那么如何对两个 0 和 1 的字符串执行类似 AND 的操作来查找公共 1 的数量呢?

I currently have a script that calculates the tanimoto coefficient on the fingerprints of a chemical library. However during testing I found my implementation could not be feasibly scaled up due to my method of comparing the bit strings (It just takes far too long). See below. This is the loop I need to improve. I've simplified this so it is just looking at two structures the real script does permutations about the dataset of structures, but that would over complicate the issue I have here.

LOOP
-- Find the NA bit
SELECT SUBSTR(qsar_kb.fingerprint.fingerprint, var_fragment_id ,1) INTO var_na FROM qsar_kb.fingerprint where project_id = 1 AND structure_id = 1;

-- FIND the NB bit
SELECT SUBSTR(qsar_kb.fingerprint.fingerprint, var_fragment_id ,1) INTO var_nb FROM qsar_kb.fingerprint where project_id = 1 AND structure_id = 2;

-- Test for both bits the same
IF var_na > 0 AND var_nb > 0 then
var_tally := var_tally + 1;
END IF;

-- Test for bit in A on and B off
IF var_na > var_nb then
var_tna := var_tna + 1;
END IF

-- Test for bit in B on and A off.
IF var_nb > var_na then
var_tnb := var_tnb + 1;
END IF;

var_fragment_id := var_fragment_id + 1;
EXIT WHEN var_fragment_id > var_maxfragment_id;
END LOOP;

For a simple example

Structure A = '101010'

Structure B = '011001'

In my real data set the length of the binary is 500 bits and up.
I need to know:

1)The number of bits ON common to Both

2)The number of bits ON in A but off in B

3)The number of bits ON in B but off in B

So in this case

1) = 1

2) = 2

3) = 2

Ideally I want to change how I'm doing this. I don't want to be steeping though each bit in each string its just too time expensive when I scale the whole system up with thousands of structures each with fingerprint bit strings in the length order of 500-1000

My logic to fix this would be to:

Take the total number of bits ON in both

A) = 3

B) = 3

Then perform an AND operation and find how many bits are on in both
= 1

Then just subtract this from the totals to find the number of bits on in one but not the other.
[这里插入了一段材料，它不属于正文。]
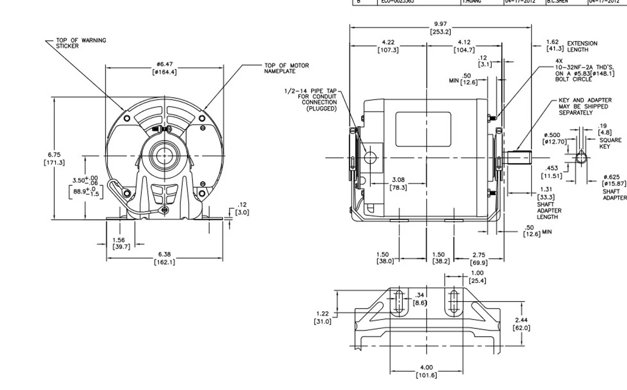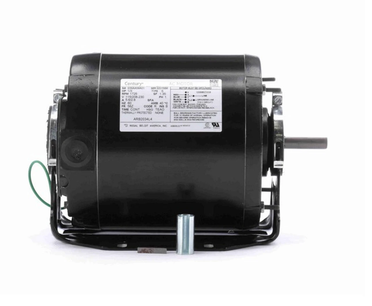 - 1/3 hp 1800 RPM, 5.6/2.8 amps, 115/208-230 Volts 60 Hz, Split Phase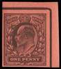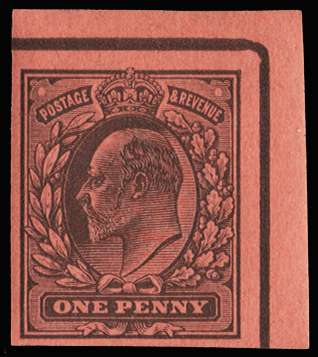 1902 1d Colour trial. Very fine unused o.g. imperforate corner marginal example printed in black on red Crown watermarked paper. Printed from a special plate of 20 electros. Scarce.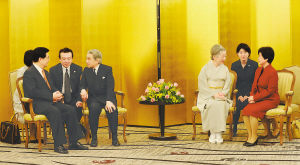 照片:5月9日,在国家主席胡锦涛即将离开东京前往外地继续对日本进行国事访问之时,日本明仁天皇和皇后专程来到胡锦涛下榻的饭店同胡锦涛和夫人刘永清亲切话别。新华社记者 李学仁摄

So how can I perform an AND like operation on two strings of 0's and 1's to find the number of common 1's?

如果你对这篇内容有疑问,欢迎到本站社区发帖提问 参与讨论,获取更多帮助,或者扫码二维码加入 Web 技术交流群。

扫码二维码加入Web技术交流群

发布评论

需要 登录 才能够评论, 你可以免费 注册 一个本站的账号。

评论(4

疑心病 2024-12-11 16:34:02

查看 BITAND 函数。

BITAND 函数将其输入和输出视为位向量;输出是输入的按位与。

但是,根据文档,这只适用于 2^128

Check out the BITAND function.

The BITAND function treats its inputs and its output as vectors of bits; the output is the bitwise AND of the inputs.

However, according to the documentation, this only works for 2^128

冰魂雪魄 2024-12-11 16:34:02

您应该将 SELECT 移出循环。我很确定您花费 99% 的时间选择 1 位 500 次,您可以一次性选择 500 位,然后循环遍历字符串:

DECLARE
   l_structure_a LONG;
   l_structure_b LONG;
   var_na        VARCHAR2(1);
   var_nb        VARCHAR2(1);
BEGIN
   SELECT MAX(decode(structure_id, 1, fingerprint)), 
          MAX(decode(structure_id, 2, fingerprint))
     INTO l_structure_a, l_structure_b
     FROM qsar_kb.fingerprint
    WHERE project_id = 1
      AND structure_id IN (1,2);
   LOOP
      var_na := substr(l_structure_a, var_fragment_id, 1);
      var_nb := substr(l_structure_b, var_fragment_id, 1);

      -- Test for both bits the same
      IF var_na > 0 AND var_nb > 0 THEN
         var_tally := var_tally + 1;
      END IF;   
      -- Test for bit in A on and B off
      IF var_na > var_nb THEN
         var_tna := var_tna + 1;
      END IF;   
      -- Test for bit in B on and A off.
      IF var_nb > var_na THEN
         var_tnb := var_tnb + 1;
      END IF;

      var_fragment_id := var_fragment_id + 1;
      EXIT WHEN var_fragment_id > var_maxfragment_id;
   END LOOP;
END;

编辑:
您还可以在单​​个 SQL 语句中完成此操作:

SQL> WITH DATA AS (
  2     SELECT '101010' fingerprint,1 project_id, 1 structure_id FROM dual
  3     UNION ALL SELECT '011001', 1, 2 FROM dual),
  4  transpose AS (SELECT ROWNUM fragment_id FROM dual CONNECT BY LEVEL <= 1000)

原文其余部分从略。